Like most states, Minnesota has a three-tier system for distributing alcoholic beverages – the manufacturer sells to a wholesaler who sells to a retailer. Minnesota allows local wineries to apply for a farm winery license, which permits the holder to sell direct to both retailers and consumers.  The catch is that the winery must use more than 50% of its grape juice from grapes produced in Minnesota.  A winery may obtain a one-year dispensation from this requirement if it certifies that sufficient supplies of Minnesota grapes are impossible to obtain.

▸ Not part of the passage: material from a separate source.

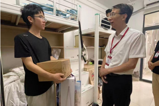 走访期间,校院领导与新生亲切交流,细致询问同学们的入学手续办理、生活起居及学习准备情况,特别关注家庭经济困难学生的实际需求,并送上精心准备的慰问物资。卢楚翰院长鼓励新生积极转变角色,主动适应大学集体生活,快速融入校园环境。范雪副书记就宿舍用电安全、防范电信诈骗等事项开展了细致的安全教育,引导学生增强自我保护意识,同时希望同学们科学制定学业规划,珍惜青春时光,夯实专业基础,锤炼综合能力,努力成长为有理想、有担当的新时代青年。
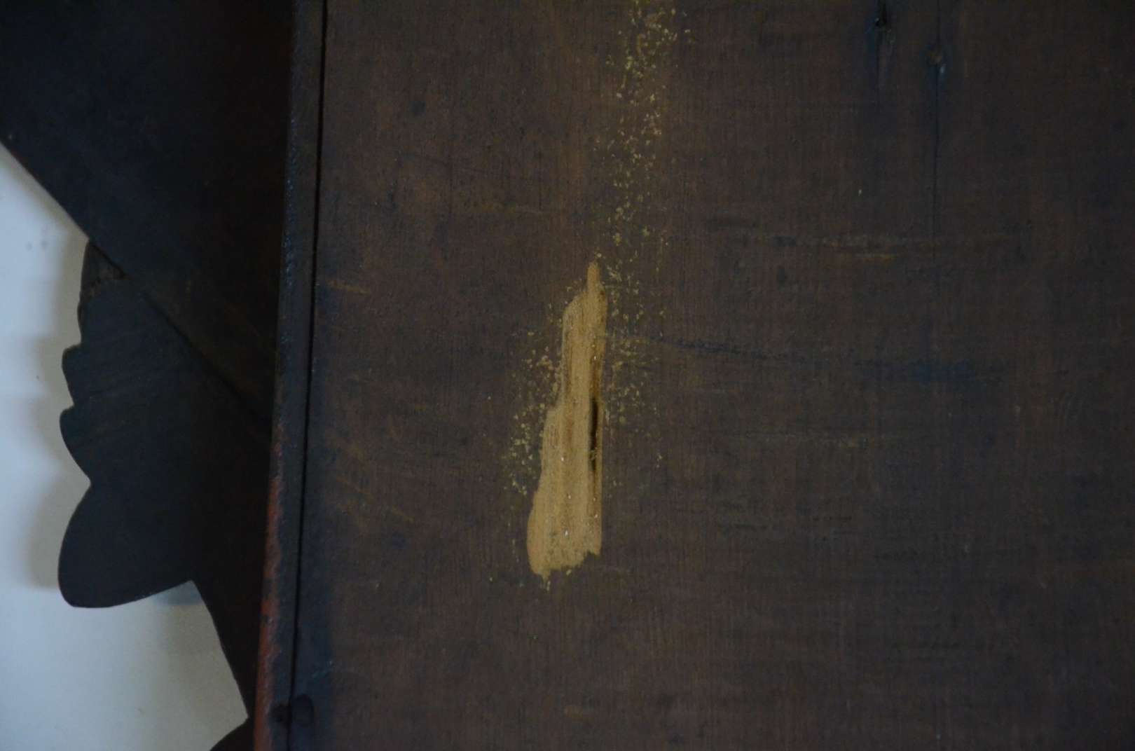 Espelho de cristal bisotado com moldura de madeira entalhada.

Two farm wineries sued the Minnesota Commissioner of Public Safety, who enforces the statute, alleging that it violates the dormant commerce clause by discriminating against out-of-state grape juice. The District Court granted the Commissioner’s motion for summary judgment.  The Court acknowledged that the statute caused plaintiffs injury in fact, because it interfered with their ability to expand their businesses.  But it reasoned that, if plaintiffs wanted to use more out-of-state grapes, they could apply for a wine manufacturing license, which imposes no such limitation.  Thus, the injury they sustained was the product of their own voluntary business decision.  The catch, however, is that a wine manufacturer must use the three-tier distribution system.  It cannot sell directly to either retailers or consumers.

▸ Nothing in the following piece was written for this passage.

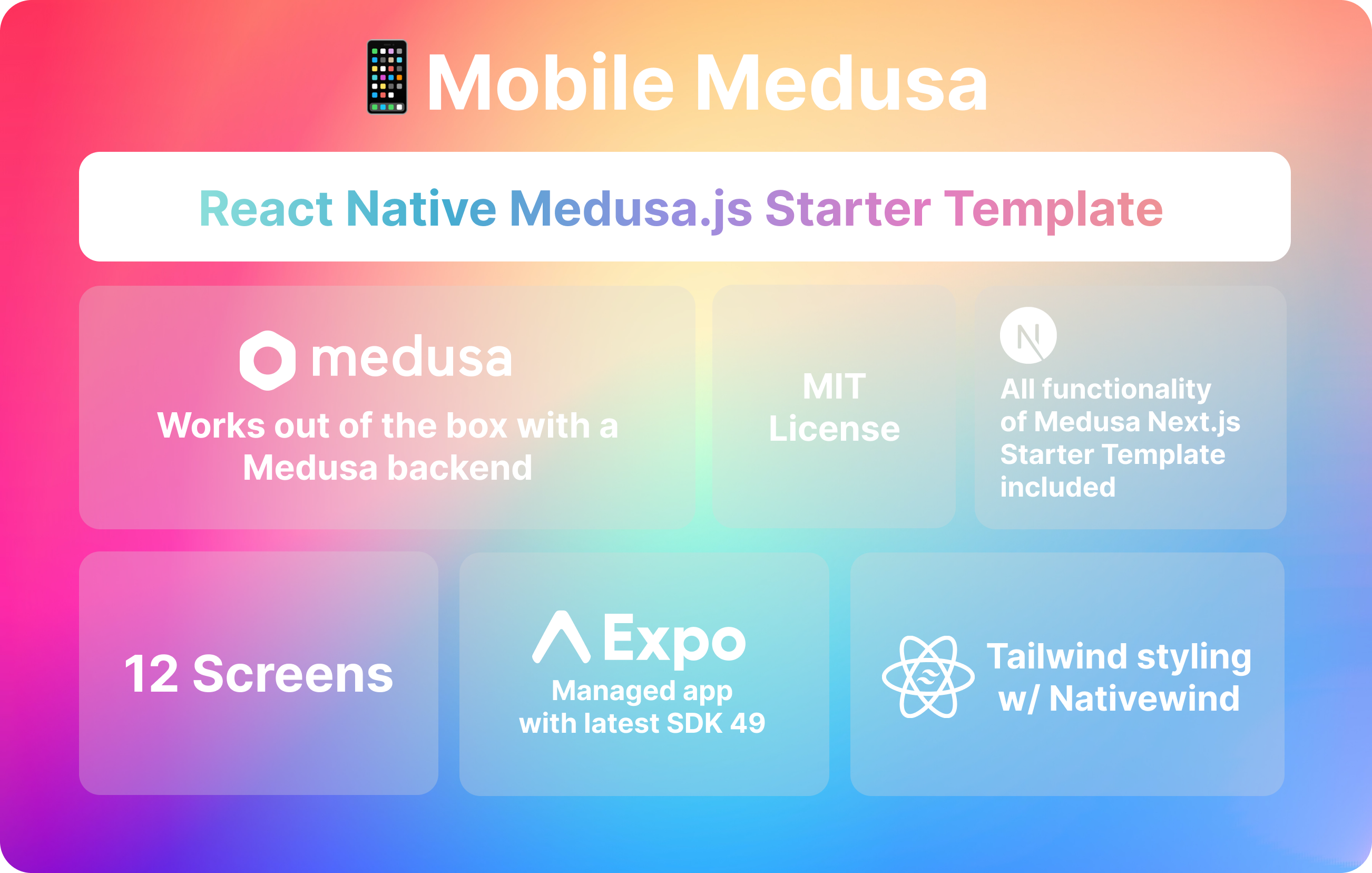 Combine Medusa's modules for your commerce backend with the latest Expo features for a mobile storefront that matches Medusa Next.js starter functionality, look and feel.

Plaintiffs appealed. They argued that the District Court’s finding that the statute interfered with plaintiffs’ fiscal planning in and of itself established that the injury was fairly traceable to the statute.  According to plaintiffs, the District Court’s holding would force them to operate a different business than the one they prefer to.  They want to operate as farm wineries, due to the efficiencies in distribution that status allows, but the statute prevents them from doing so unless they use a majority of Minnesota grapes.  This theory, they assert, would allow states to discriminate against out-of-state commerce with impunity by authorizing an alternative, less desirable way of doing business.

The Commissioner argued that plaintiffs lacked standing for three separate reasons. First, the Commissioner argued that there had never been an enforcement action against a winery for using out-of-state grapes or threatened to do so.  She also claimed that her office had never denied an application for exemption.  Thus, she claimed that there was no credible threat of injury to the plaintiffs.

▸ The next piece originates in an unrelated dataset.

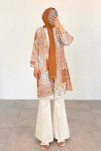 Bitter Brown Long Arm Cotton Polyester Kimono
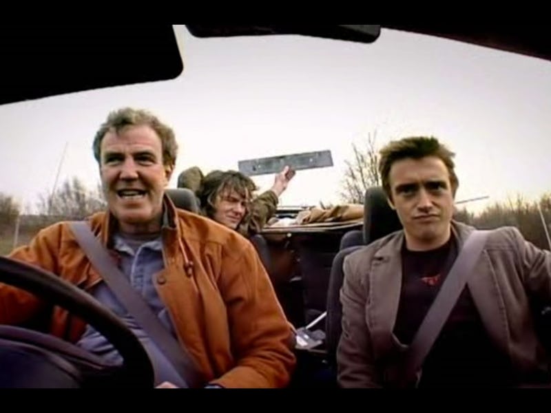 The reason a Netflix tune up makes so much sense isn't just that the streaming site has a notoriously hands-off approach to talent or that it likes to throw money around. The reason is structural. Top Gear is a show that can be watched and re-watched out of order. Richard Hammond and Clarkson's bonhomie is best savored in a horizontal position. And — as many of the show's loyalists will tell you — marijuana helps. It is, in essence, a car show about three men who love each other, a version of the office with more horsepower and a heterosocial Jim-Pam relationship. (This should go without saying, but Hammond is Pam. May has Ellie Kemper's haircut.)

Plaintiffs responded that a history of enforcement or threatened enforcement has never been the standard for standing to file a pre-enforcement challenge. Rather, it is enough that there is a substantial risk of enforcement.  Here, plaintiffs have not faced a threat of enforcement because they have complied with a statute they believe to be unconstitutional.  The Commissioner has never renounced any intention to enforce the law.  And if she has no intent to do so, one wonders why she resists the lawsuit.

As for the exemption, it is limited to one year and it facially restricts exemptions to years in which plaintiffs cannot buy enough Minnesota grapes. Plaintiffs emphasized that they cannot rely on one-year exemptions, which may or may not be granted in future years, as a basis for planning their business.

The Commissioner’s second argument is that plaintiffs have not suffered any tangible economic harm as a result of the statute. The statute was in place when both plaintiffs began selling wine, so it did not cause them to terminate contracts or alter their business practices.  The Commissioner also claimed that Minnesota could constitutionally impose its three-tier distribution system, so plaintiffs’ inability to operate their business as they chose is not legal injury.

Plaintiffs respond that the statute has limited their ability to expand their business and plan for the future and that is sufficient economic injury to support standing. They acknowledge they have no right to be free of the three-tier system, but argue if Minnesota wishes to makes an exception to that distribution method it must do so in conformity with the Constitution.

Plaintiffs also assert that the Commissioner’s theory would authorize numerous forms of discrimination. A church would lack standing to challenge its exclusion from a state grant if it could obtain the necessary funds by private donation.  A public employee would lack standing to allege discrimination against her if she could find a comparable job in the private sector.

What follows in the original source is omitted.